Information shown:
════════════════════

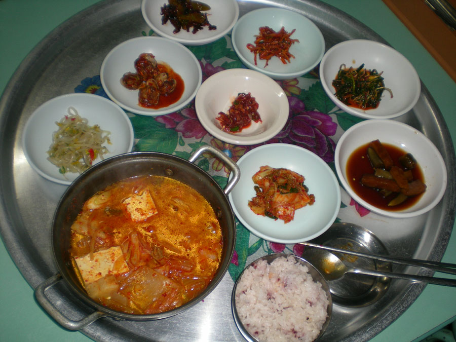 밤늦게 남포지 도착... 김치찌게로 허기를 채우고...
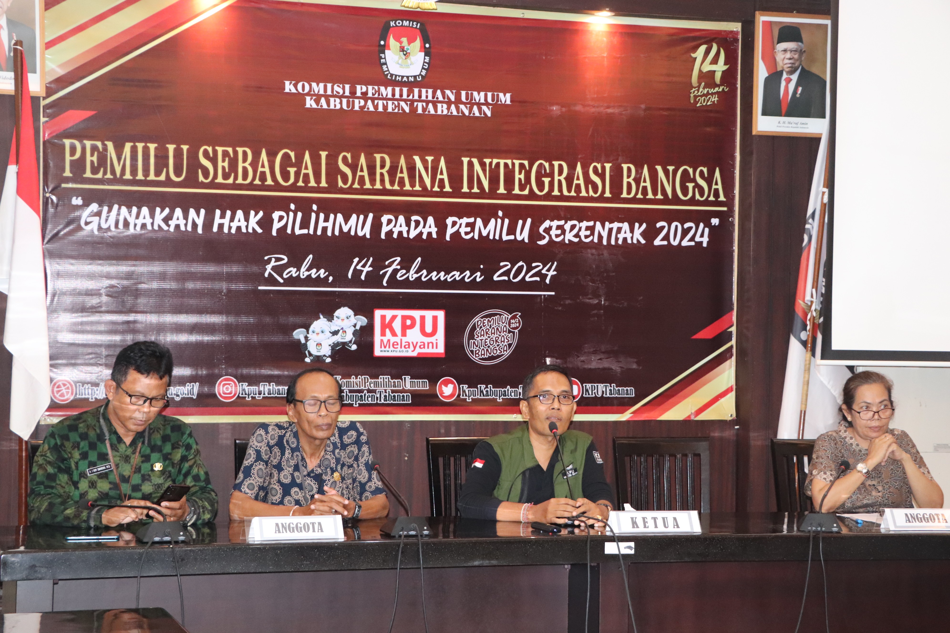 Komisioner KPU Tabanan lainnya (Anggota KPU Tabanan), Ni Putu Suaryani mengungkapkan, “Walaupun sudah keluar dari KPU Tabanan, tetaplah ingat untuk mensosialisasikan Pemilu Serentak yang akan digelar pada hari Rabu tanggal 14 Februari tahun 2024 mendatang.”
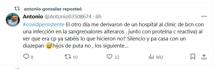 TESTIMONIOS #covidpersistente El otro día me derivaron de un hospital al clínic de bcn con una infección en la sangre(valores alteraros , junto con proteína c reactiva) al ver que era cp #covidpersistente ya sabéis lo que hicieron no? Silencio y pa casa con un diazepan 😅hijos de puta no , los siguiente…

════════════════════

Task: Reproduce every line above as written, skipping pictures.

Response area:
 밤늦게 남포지 도착... 김치찌게로 허기를 채우고...
 Komisioner KPU Tabanan lainnya (Anggota KPU Tabanan), Ni Putu Suaryani mengungkapkan, “Walaupun sudah keluar dari KPU Tabanan, tetaplah ingat untuk mensosialisasikan Pemilu Serentak yang akan digelar pada hari Rabu tanggal 14 Februari tahun 2024 mendatang.”
 TESTIMONIOS #covidpersistente El otro día me derivaron de un hospital al clínic de bcn con una infección en la sangre(valores alteraros , junto con proteína c reactiva) al ver que era cp #covidpersistente ya sabéis lo que hicieron no? Silencio y pa casa con un diazepan 😅hijos de puta no , los siguiente…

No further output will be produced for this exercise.